-- Stored items --
────────────────────

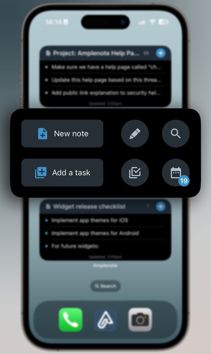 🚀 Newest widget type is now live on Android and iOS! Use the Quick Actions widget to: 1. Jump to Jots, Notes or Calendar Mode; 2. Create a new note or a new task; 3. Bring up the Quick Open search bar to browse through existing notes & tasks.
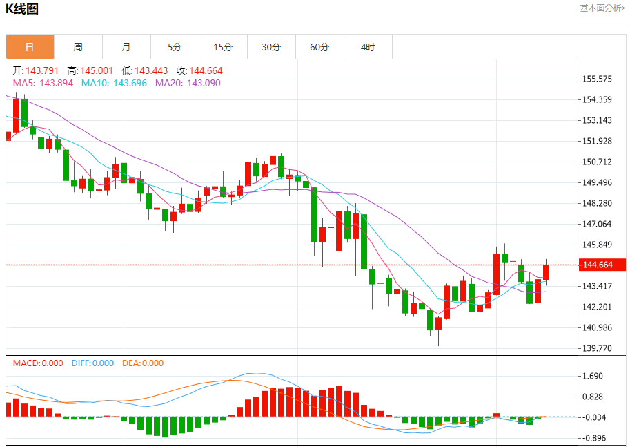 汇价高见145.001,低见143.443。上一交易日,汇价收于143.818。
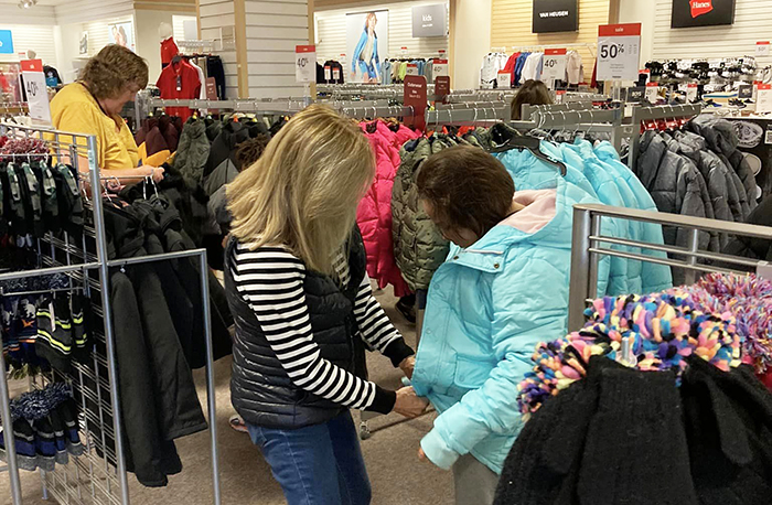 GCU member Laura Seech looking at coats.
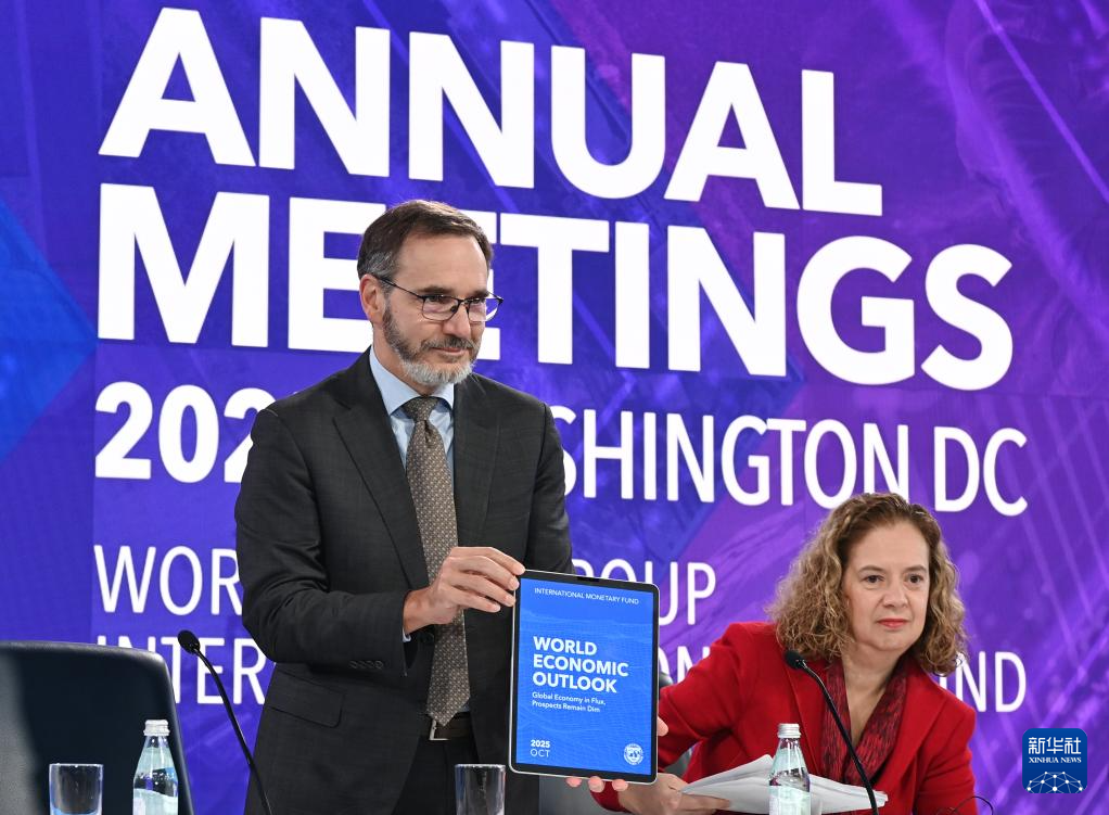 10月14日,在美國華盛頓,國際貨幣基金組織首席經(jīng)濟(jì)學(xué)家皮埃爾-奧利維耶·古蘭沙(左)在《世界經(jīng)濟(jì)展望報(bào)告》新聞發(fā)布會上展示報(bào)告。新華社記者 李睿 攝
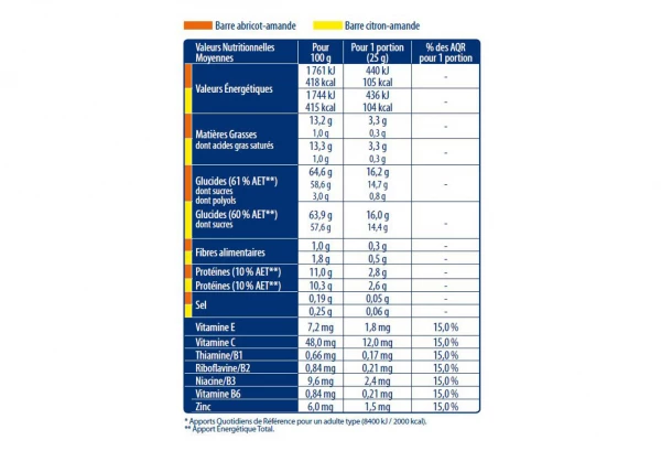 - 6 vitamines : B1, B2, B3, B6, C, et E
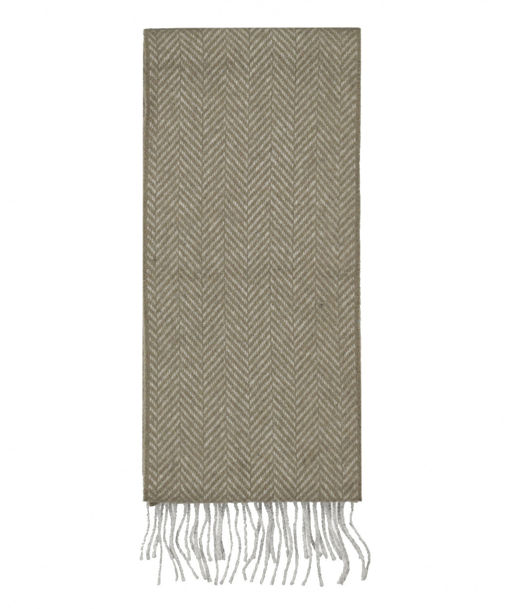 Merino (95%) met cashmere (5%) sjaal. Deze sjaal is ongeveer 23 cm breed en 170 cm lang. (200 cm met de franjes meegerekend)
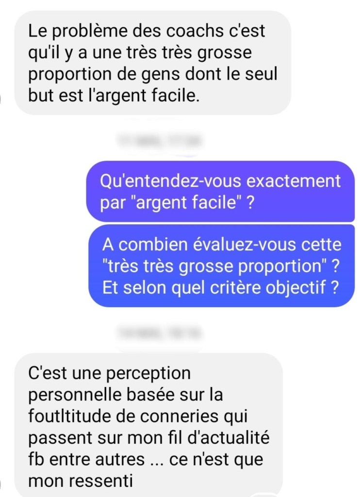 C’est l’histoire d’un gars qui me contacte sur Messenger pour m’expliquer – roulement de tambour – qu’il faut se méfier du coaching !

────────────────────

-- Requirement --
Give back the lines from the one containing "GCU member Laura Seech looking at coats." through the last line of the records above exactly as they appear, both included, and no pictures.

-- Result --
 GCU member Laura Seech looking at coats.
 10月14日,在美國華盛頓,國際貨幣基金組織首席經(jīng)濟(jì)學(xué)家皮埃爾-奧利維耶·古蘭沙(左)在《世界經(jīng)濟(jì)展望報(bào)告》新聞發(fā)布會上展示報(bào)告。新華社記者 李睿 攝
 - 6 vitamines : B1, B2, B3, B6, C, et E
 Merino (95%) met cashmere (5%) sjaal. Deze sjaal is ongeveer 23 cm breed en 170 cm lang. (200 cm met de franjes meegerekend)
 C’est l’histoire d’un gars qui me contacte sur Messenger pour m’expliquer – roulement de tambour – qu’il faut se méfier du coaching !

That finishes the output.